Entries shown: Begin
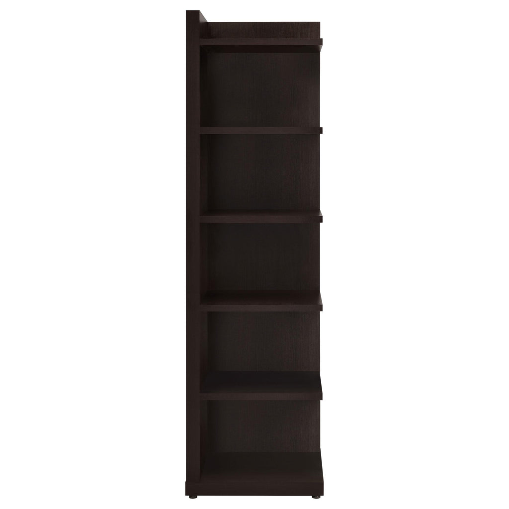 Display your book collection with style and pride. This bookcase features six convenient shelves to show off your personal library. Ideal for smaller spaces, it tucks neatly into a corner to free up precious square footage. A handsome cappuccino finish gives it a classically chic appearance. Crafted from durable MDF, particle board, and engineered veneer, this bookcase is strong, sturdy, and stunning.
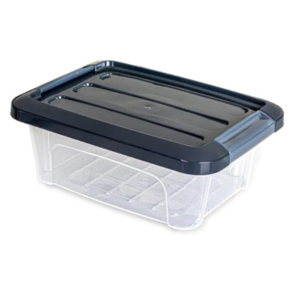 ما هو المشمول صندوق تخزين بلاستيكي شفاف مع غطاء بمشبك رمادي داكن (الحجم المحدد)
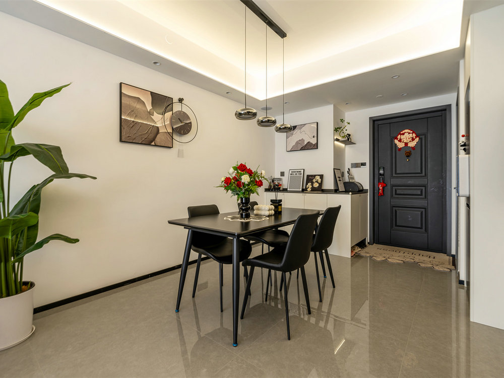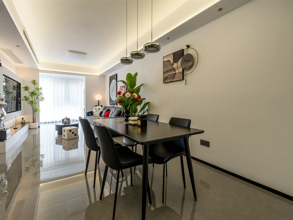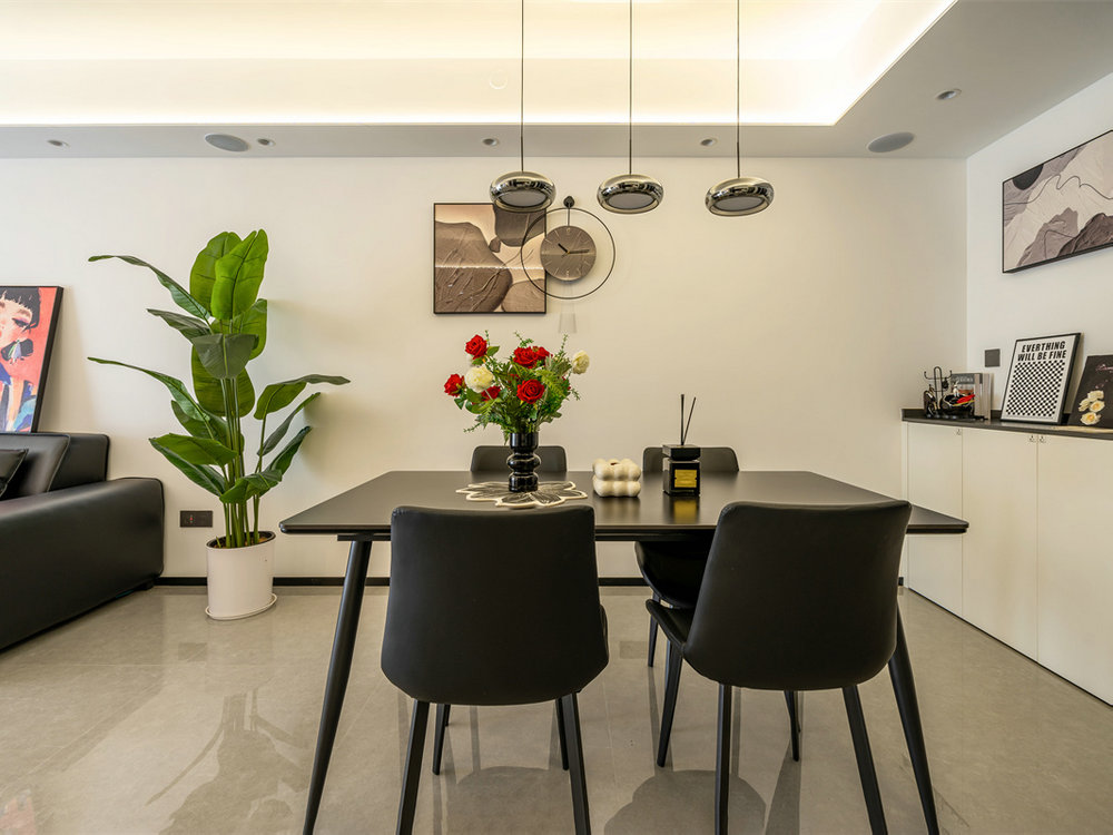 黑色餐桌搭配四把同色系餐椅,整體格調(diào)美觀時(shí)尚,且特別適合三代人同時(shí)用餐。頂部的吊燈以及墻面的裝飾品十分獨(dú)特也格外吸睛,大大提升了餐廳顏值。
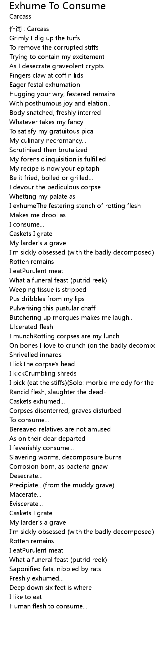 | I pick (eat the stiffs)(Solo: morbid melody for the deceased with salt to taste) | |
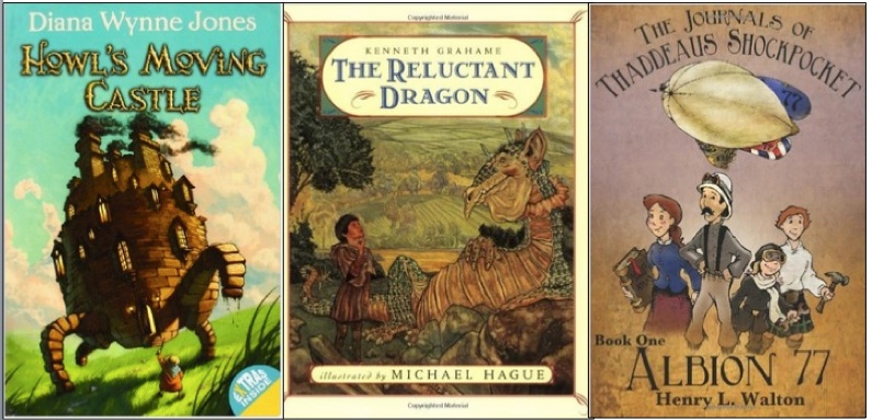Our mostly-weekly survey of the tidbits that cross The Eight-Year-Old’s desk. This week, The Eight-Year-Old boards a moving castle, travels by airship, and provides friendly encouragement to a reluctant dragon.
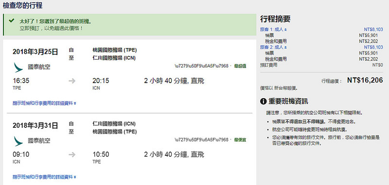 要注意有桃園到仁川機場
Entries shown: End
:: Required action ::
For this exercise, reproduce the data above exactly from the line containing "ما هو المشمول" through its final line, both ends included, with no pictures in the copy.

:: Your solution ::
 ما هو المشمول صندوق تخزين بلاستيكي شفاف مع غطاء بمشبك رمادي داكن (الحجم المحدد)
 黑色餐桌搭配四把同色系餐椅,整體格調(diào)美觀時(shí)尚,且特別適合三代人同時(shí)用餐。頂部的吊燈以及墻面的裝飾品十分獨(dú)特也格外吸睛,大大提升了餐廳顏值。
 | I pick (eat the stiffs)(Solo: morbid melody for the deceased with salt to taste) | |
Our mostly-weekly survey of the tidbits that cross The Eight-Year-Old’s desk. This week, The Eight-Year-Old boards a moving castle, travels by airship, and provides friendly encouragement to a reluctant dragon.
 要注意有桃園到仁川機場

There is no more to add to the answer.